> _What to work on_: Could you print all the entries below exactly as they appear, omitting the pictures?

> _Information provided_:
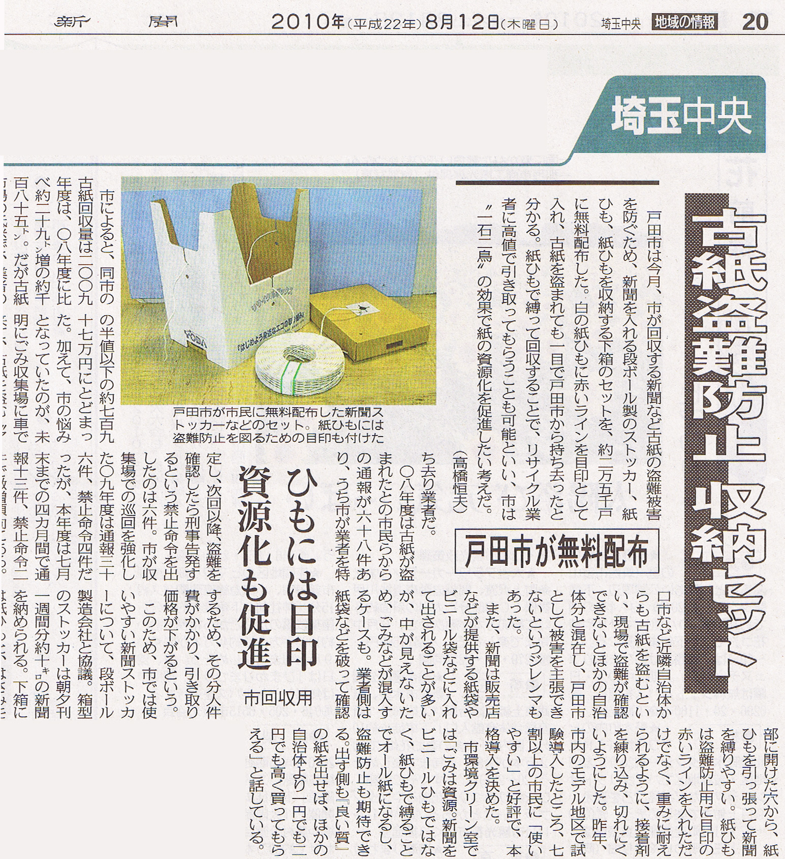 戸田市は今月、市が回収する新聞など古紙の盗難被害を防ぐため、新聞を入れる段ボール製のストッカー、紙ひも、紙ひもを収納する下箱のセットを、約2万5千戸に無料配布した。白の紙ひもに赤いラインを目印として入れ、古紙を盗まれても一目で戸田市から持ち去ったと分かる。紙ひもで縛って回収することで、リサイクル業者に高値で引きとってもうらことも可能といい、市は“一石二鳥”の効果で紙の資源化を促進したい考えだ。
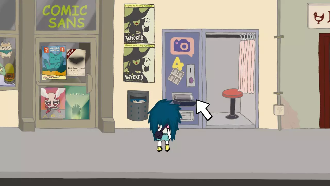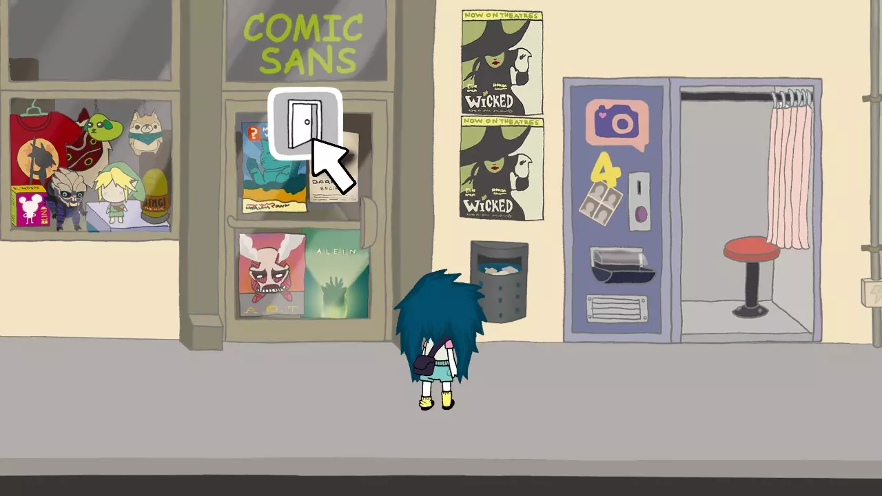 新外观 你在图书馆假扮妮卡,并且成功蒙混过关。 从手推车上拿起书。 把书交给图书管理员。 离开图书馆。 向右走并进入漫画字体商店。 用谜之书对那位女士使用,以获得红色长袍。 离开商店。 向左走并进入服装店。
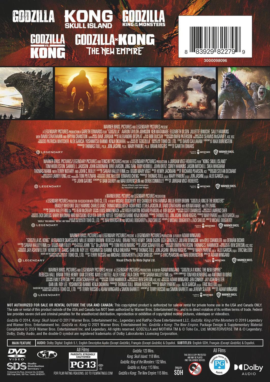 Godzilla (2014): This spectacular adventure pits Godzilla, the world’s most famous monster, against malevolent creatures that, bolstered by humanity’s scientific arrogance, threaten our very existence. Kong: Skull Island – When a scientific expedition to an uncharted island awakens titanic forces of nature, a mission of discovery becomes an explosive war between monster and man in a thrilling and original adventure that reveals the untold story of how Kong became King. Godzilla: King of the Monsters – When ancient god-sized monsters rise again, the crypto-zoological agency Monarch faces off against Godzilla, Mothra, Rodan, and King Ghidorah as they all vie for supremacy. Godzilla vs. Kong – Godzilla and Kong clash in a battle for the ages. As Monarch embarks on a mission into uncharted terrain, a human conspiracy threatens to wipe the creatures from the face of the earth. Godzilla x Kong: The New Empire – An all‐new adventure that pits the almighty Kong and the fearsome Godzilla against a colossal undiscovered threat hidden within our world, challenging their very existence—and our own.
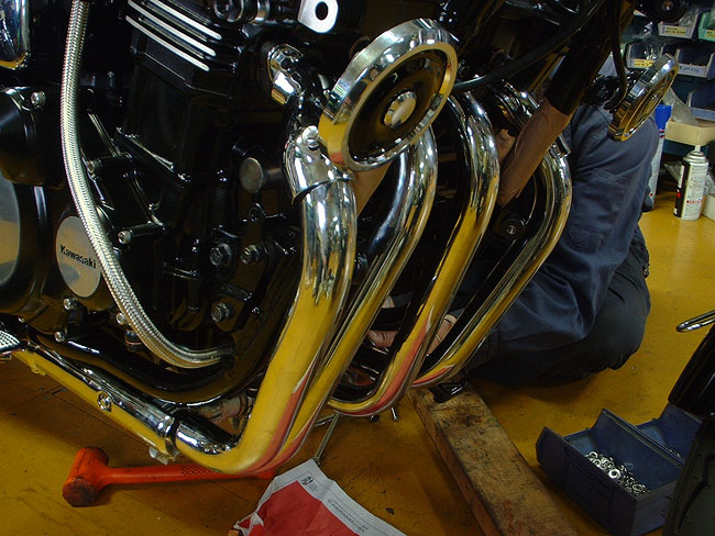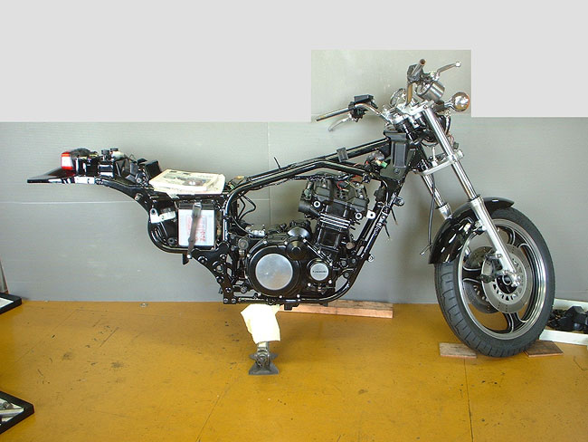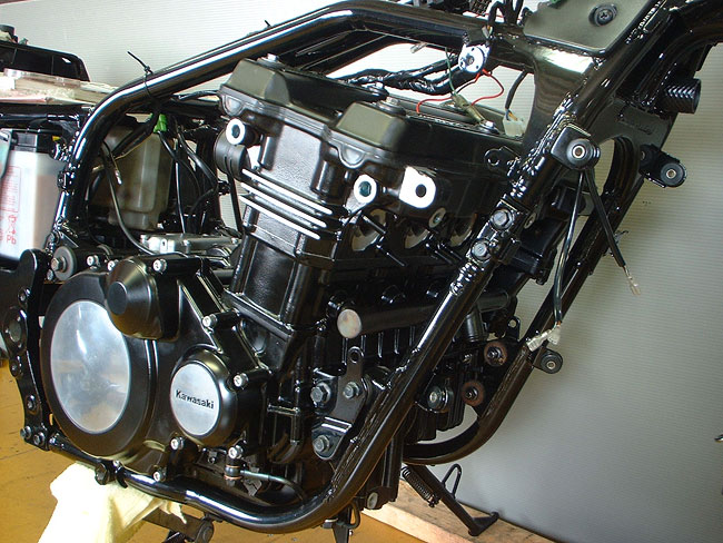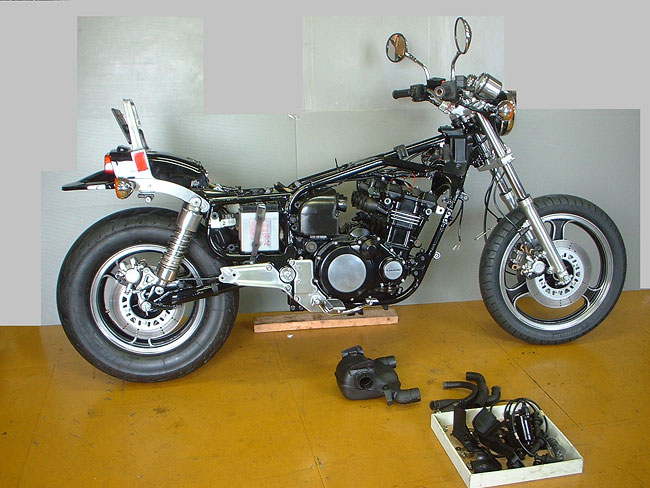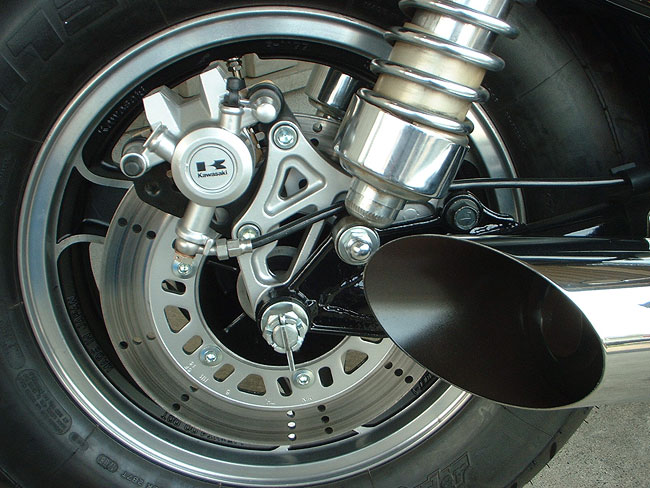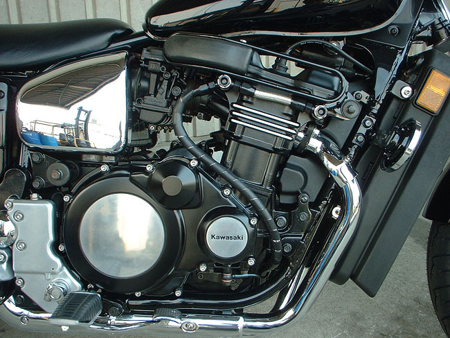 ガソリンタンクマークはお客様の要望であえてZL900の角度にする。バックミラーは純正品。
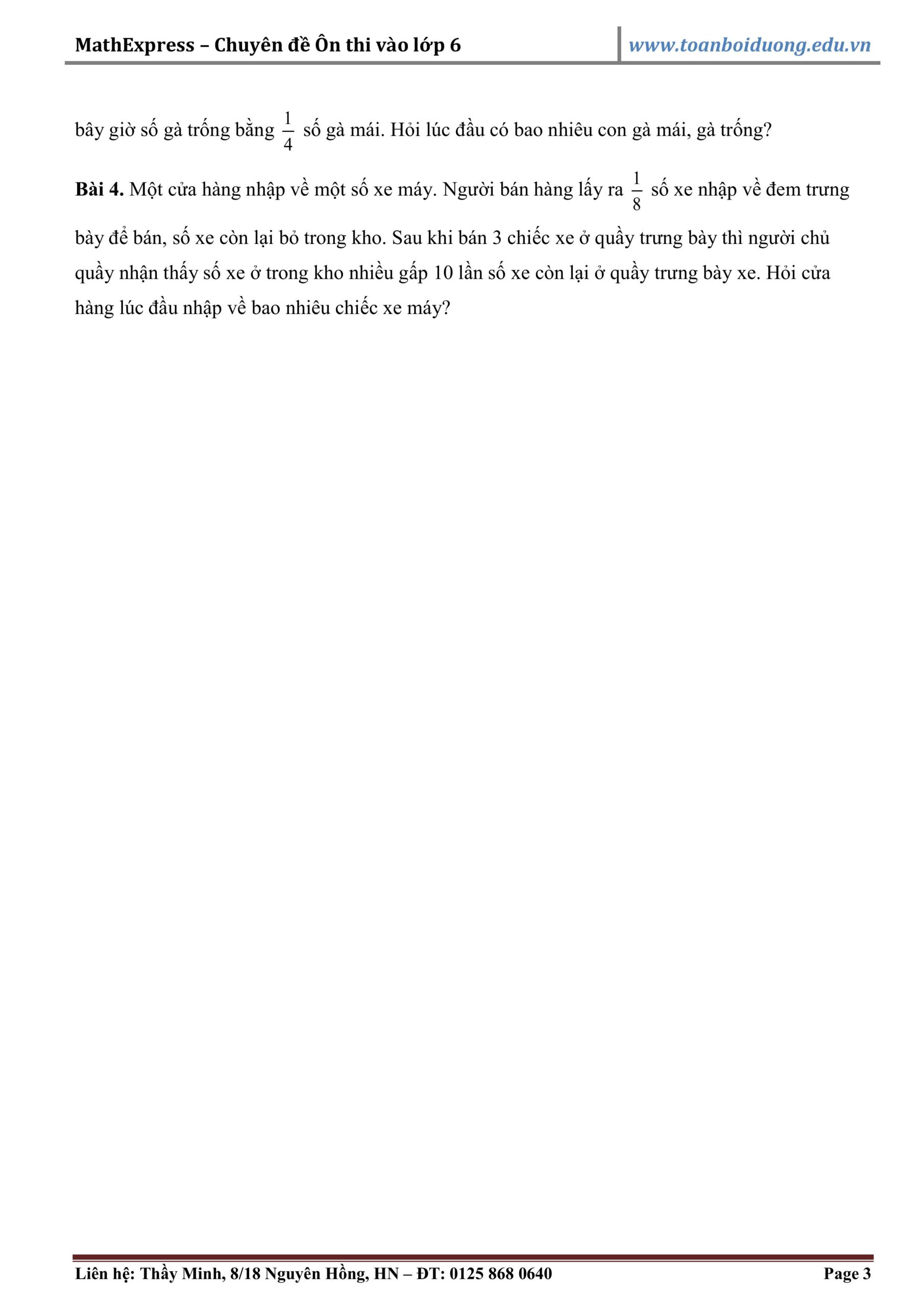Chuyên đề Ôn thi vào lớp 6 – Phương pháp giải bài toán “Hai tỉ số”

> _Solved exercise_:
 戸田市は今月、市が回収する新聞など古紙の盗難被害を防ぐため、新聞を入れる段ボール製のストッカー、紙ひも、紙ひもを収納する下箱のセットを、約2万5千戸に無料配布した。白の紙ひもに赤いラインを目印として入れ、古紙を盗まれても一目で戸田市から持ち去ったと分かる。紙ひもで縛って回収することで、リサイクル業者に高値で引きとってもうらことも可能といい、市は“一石二鳥”の効果で紙の資源化を促進したい考えだ。
 新外观 你在图书馆假扮妮卡,并且成功蒙混过关。 从手推车上拿起书。 把书交给图书管理员。 离开图书馆。 向右走并进入漫画字体商店。 用谜之书对那位女士使用,以获得红色长袍。 离开商店。 向左走并进入服装店。
 Godzilla (2014): This spectacular adventure pits Godzilla, the world’s most famous monster, against malevolent creatures that, bolstered by humanity’s scientific arrogance, threaten our very existence. Kong: Skull Island – When a scientific expedition to an uncharted island awakens titanic forces of nature, a mission of discovery becomes an explosive war between monster and man in a thrilling and original adventure that reveals the untold story of how Kong became King. Godzilla: King of the Monsters – When ancient god-sized monsters rise again, the crypto-zoological agency Monarch faces off against Godzilla, Mothra, Rodan, and King Ghidorah as they all vie for supremacy. Godzilla vs. Kong – Godzilla and Kong clash in a battle for the ages. As Monarch embarks on a mission into uncharted terrain, a human conspiracy threatens to wipe the creatures from the face of the earth. Godzilla x Kong: The New Empire – An all‐new adventure that pits the almighty Kong and the fearsome Godzilla against a colossal undiscovered threat hidden within our world, challenging their very existence—and our own.
 ガソリンタンクマークはお客様の要望であえてZL900の角度にする。バックミラーは純正品。
Chuyên đề Ôn thi vào lớp 6 – Phương pháp giải bài toán “Hai tỉ số”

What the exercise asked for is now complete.